Four ends!” she said; “oh, is it as bad as that?  He has to support—­somebody?”

He said, “Yes; so long as you have guessed.  Mary, I really must have a smoke.”

“Why am I so weak-minded as to give in to you!” she sighed; then handed him the cigar box, and scratched a match for him; he held her wrist—­the sputtering match in her fingers—­lighted the cigar, blew out the match, and kissed her hand.
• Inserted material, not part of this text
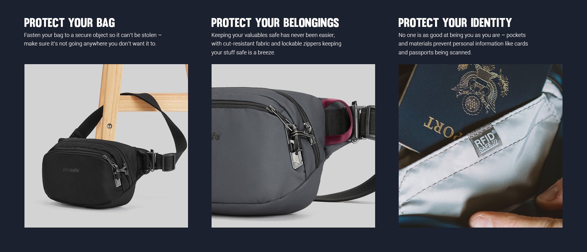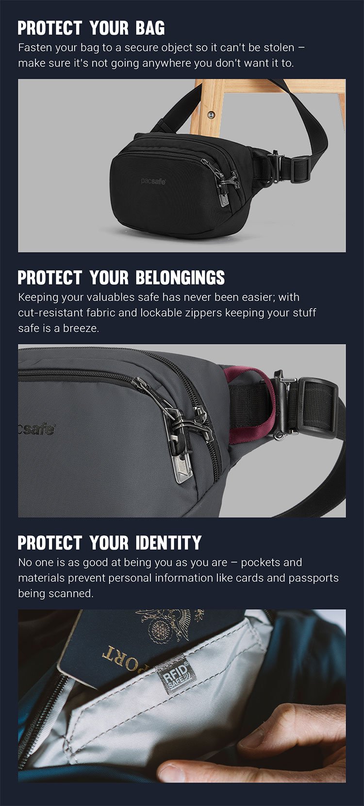 Thanks for your feedback. We've relayed this information to our product team to ensure there are more product selection for people who value fashion as well as safety. The GO Anti-Theft Sling Pack is probably the best product for your needs. Additionally, your passport can be put in our RFID pocket inside the bag to keep them safe.

“You are a snooper and a porcupine about tobacco; but otherwise quite a nice woman,” he said.

CHAPTER XX

When Edith’s Easter vacation was over, and she went back to Mercer, she was followed by a letter from Mrs. Houghton to Eleanor, explaining the plan for the school dormitory the following winter.  But there was another letter, to Maurice, addressed (discreetly) to his office.  It was from Henry Houghton, and it was to the effect that if any “unexpected expenses” came along, and Maurice felt strapped because of the cessation of Edith’s board, he must let Mr. Houghton know; then a suggestion as to realizing on certain securities.

“That’s considerate in him,” Eleanor said; “but I don’t know what ‘unexpected expenses’ we could have?”

It was a chilly April day.  Maurice happened to be laid up home with a sore throat; Eleanor, searching for a cook, had stopped at his office for a lease he wanted to see, and brought back with her some mail she found on his desk.